Data Modeling for Analytics: Dimensional Modeling vs One Big Table

You're staring at a spreadsheet with 50,000 rows of e-commerce transaction data. Sales wants to know which products are trending, marketing needs conversion rates by campaign, and finance wants monthly revenue summaries. Everyone's asking different questions, but they're all hitting the same messy data dump. Sound familiar?

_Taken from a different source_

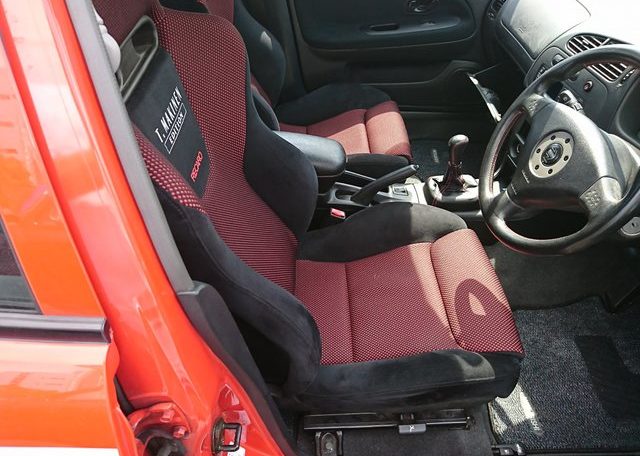 On the outside, the Tommi Makinen Edition had an optional special paint package, Passion Red with grey, black and white stripes, that was inspired by the Tommi Makinen WRC works car and wore the same design Enkei 17” wheels. On the inside, the car came equipped with Recaro bucket seats with the Tommi Makinen logo stitched into the back rest.

This is where analytical data modeling saves the day. Unlike operational databases that prioritize storing data efficiently, analytical models are designed for asking questions fast. Today, we'll explore two fundamental approaches: dimensional modeling (the time-tested warehouse approach) and One Big Table (the modern cloud-first method). By the end, you'll know when to use each approach and how to implement both.

What you'll learn:

How dimensional modeling organizes data into facts and dimensions for fast analytics
When and why to use star schemas versus denormalized tables
How to design a One Big Table for cloud analytics platforms
Practical trade-offs between query performance and data complexity
Real implementation patterns you can use immediately

Prerequisites

You should be comfortable with basic SQL queries (SELECT, JOIN, GROUP BY) and understand fundamental database concepts like tables and relationships. We'll work with realistic e-commerce data throughout the examples.

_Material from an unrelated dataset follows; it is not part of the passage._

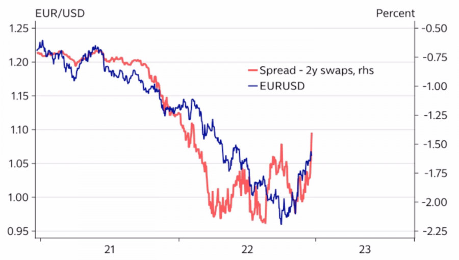En cualquier caso, los inversores deben prestar mucha atención a las estadísticas macroeconómicas y los indicadores del mercado porque los bancos centrales, incluida la Reserva Federal, seguirán controlando el mercado Forex. La dirección futura del EURUSD se puede inferir de los cambios en los diferenciales de rendimiento entre los bonos estadounidenses y alemanes y los diferenciales de intercambio de tasas de interés. Según el indicador más reciente, el euro parece estar infravalorado hasta el momento.

The Analytics Challenge: Why Regular Tables Don't Work

Let's start with a typical problem. Here's what raw e-commerce data often looks like:

-- Raw orders table - how data usually arrives
CREATE TABLE raw_orders (
    order_id INT,
    customer_email VARCHAR(100),
    customer_name VARCHAR(100),
    customer_city VARCHAR(50),
    customer_state VARCHAR(20),
    product_id INT,
    product_name VARCHAR(200),
    product_category VARCHAR(50),
    product_price DECIMAL(10,2),
    order_date DATE,
    quantity INT,
    discount_percent DECIMAL(5,2),
    shipping_cost DECIMAL(8,2)
);

This structure works fine for recording transactions, but it creates problems for analytics:

Redundant data: Customer information repeats for every order line
Inconsistent formats: Dates might be strings, categories might have typos
Complex queries: Getting monthly sales requires joining and aggregating across multiple concepts
Poor performance: Large scans for simple questions like "total sales by state"

Let's solve these problems with two different modeling approaches.

Dimensional Modeling: The Warehouse Way

Dimensional modeling separates your data into two types of tables:

Fact tables store measurable events (sales, clicks, registrations)
Dimension tables store descriptive attributes (customers, products, time periods)

Think of it like organizing a library. Facts are the books (the things you want to analyze), and dimensions are the catalog system (how you find and group the books).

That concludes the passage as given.